From the first line to the last, restate the data exactly, leaving out the images.

*Data segment*
■ ■ ■

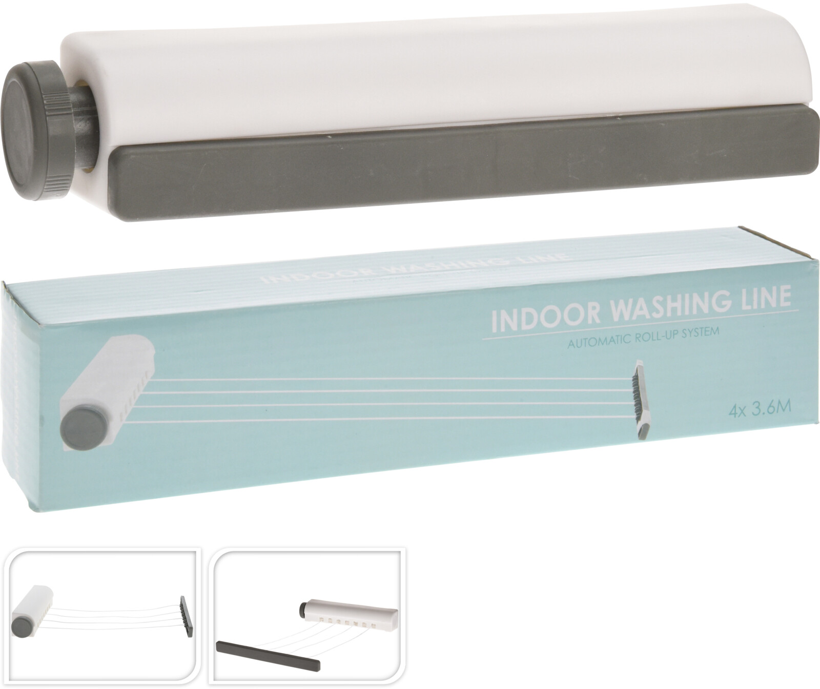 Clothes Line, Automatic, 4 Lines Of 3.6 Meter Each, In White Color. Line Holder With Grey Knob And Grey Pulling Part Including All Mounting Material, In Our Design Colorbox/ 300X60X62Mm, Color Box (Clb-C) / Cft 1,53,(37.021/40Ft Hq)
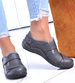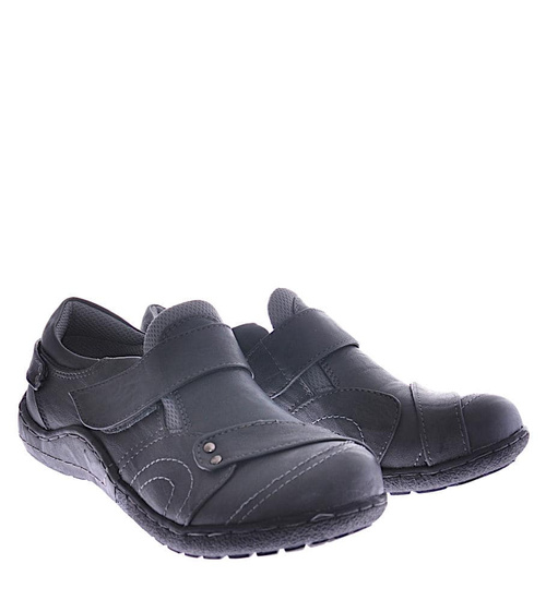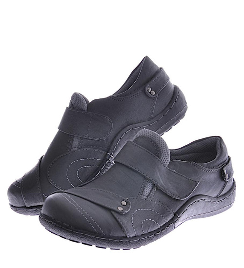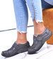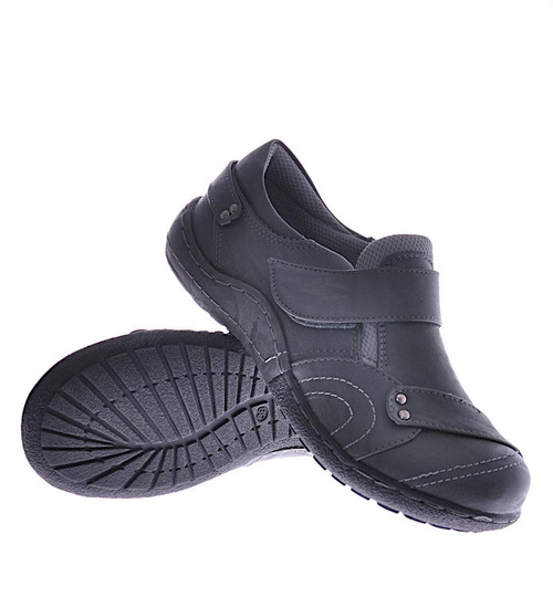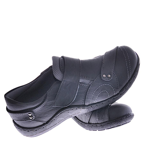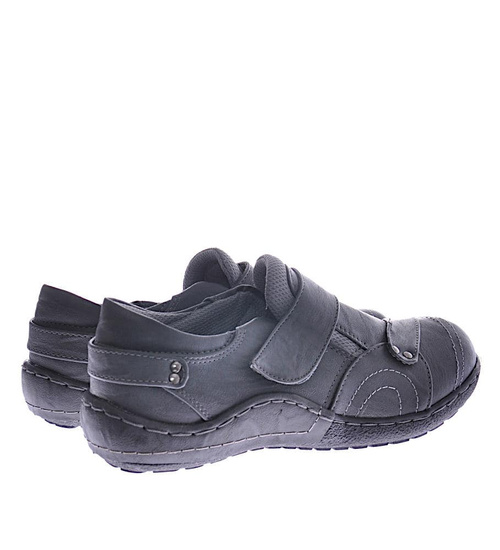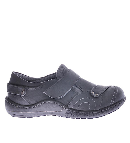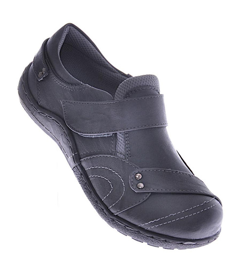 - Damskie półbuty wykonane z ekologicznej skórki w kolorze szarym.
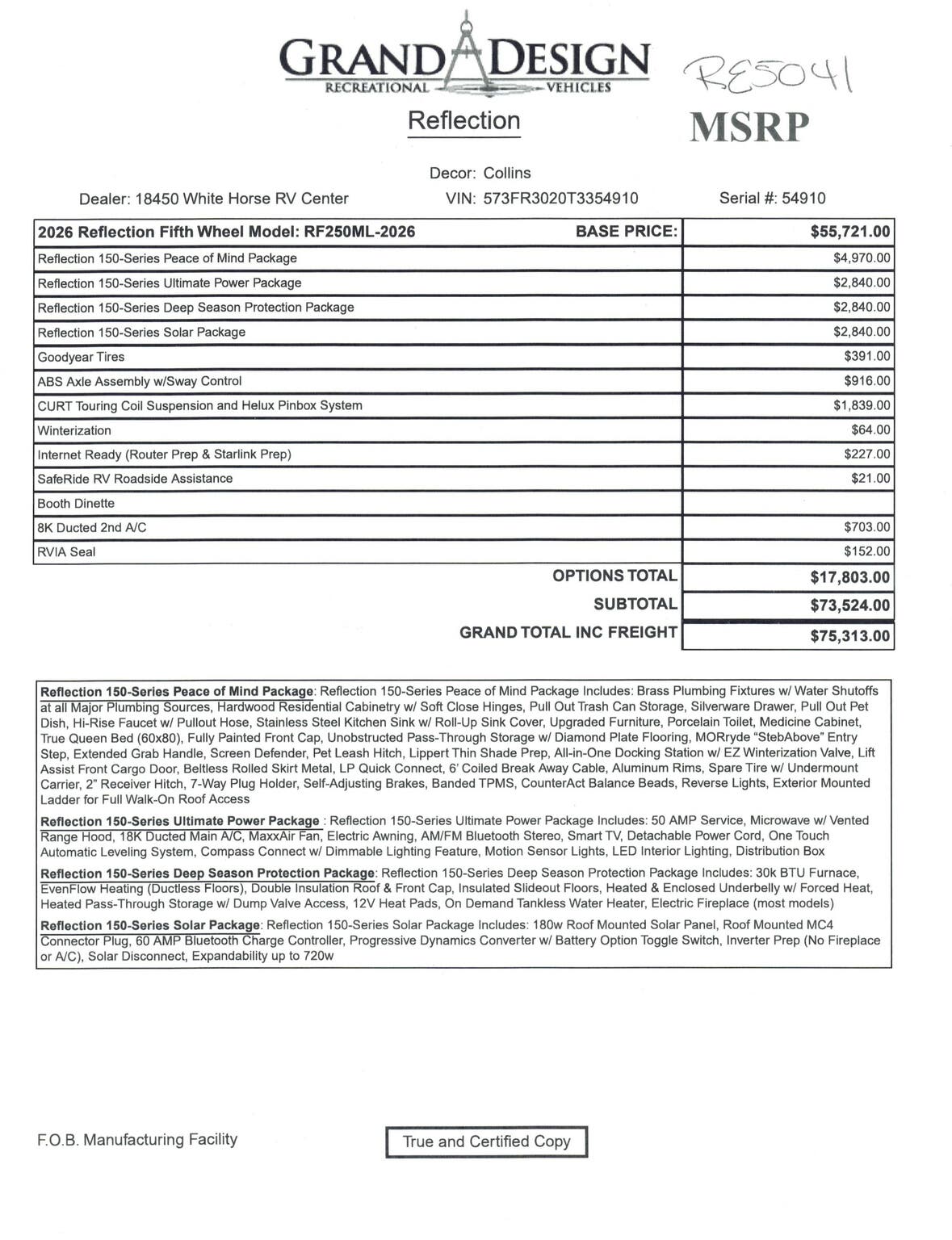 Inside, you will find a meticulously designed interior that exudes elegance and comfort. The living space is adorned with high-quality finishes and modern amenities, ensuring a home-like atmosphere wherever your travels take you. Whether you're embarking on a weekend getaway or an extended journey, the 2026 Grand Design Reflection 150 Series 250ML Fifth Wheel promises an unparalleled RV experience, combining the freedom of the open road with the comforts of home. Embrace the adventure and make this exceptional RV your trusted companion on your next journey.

■ ■ ■

*Answer to this exercise*
 Clothes Line, Automatic, 4 Lines Of 3.6 Meter Each, In White Color. Line Holder With Grey Knob And Grey Pulling Part Including All Mounting Material, In Our Design Colorbox/ 300X60X62Mm, Color Box (Clb-C) / Cft 1,53,(37.021/40Ft Hq)
 - Damskie półbuty wykonane z ekologicznej skórki w kolorze szarym.
 Inside, you will find a meticulously designed interior that exudes elegance and comfort. The living space is adorned with high-quality finishes and modern amenities, ensuring a home-like atmosphere wherever your travels take you. Whether you're embarking on a weekend getaway or an extended journey, the 2026 Grand Design Reflection 150 Series 250ML Fifth Wheel promises an unparalleled RV experience, combining the freedom of the open road with the comforts of home. Embrace the adventure and make this exceptional RV your trusted companion on your next journey.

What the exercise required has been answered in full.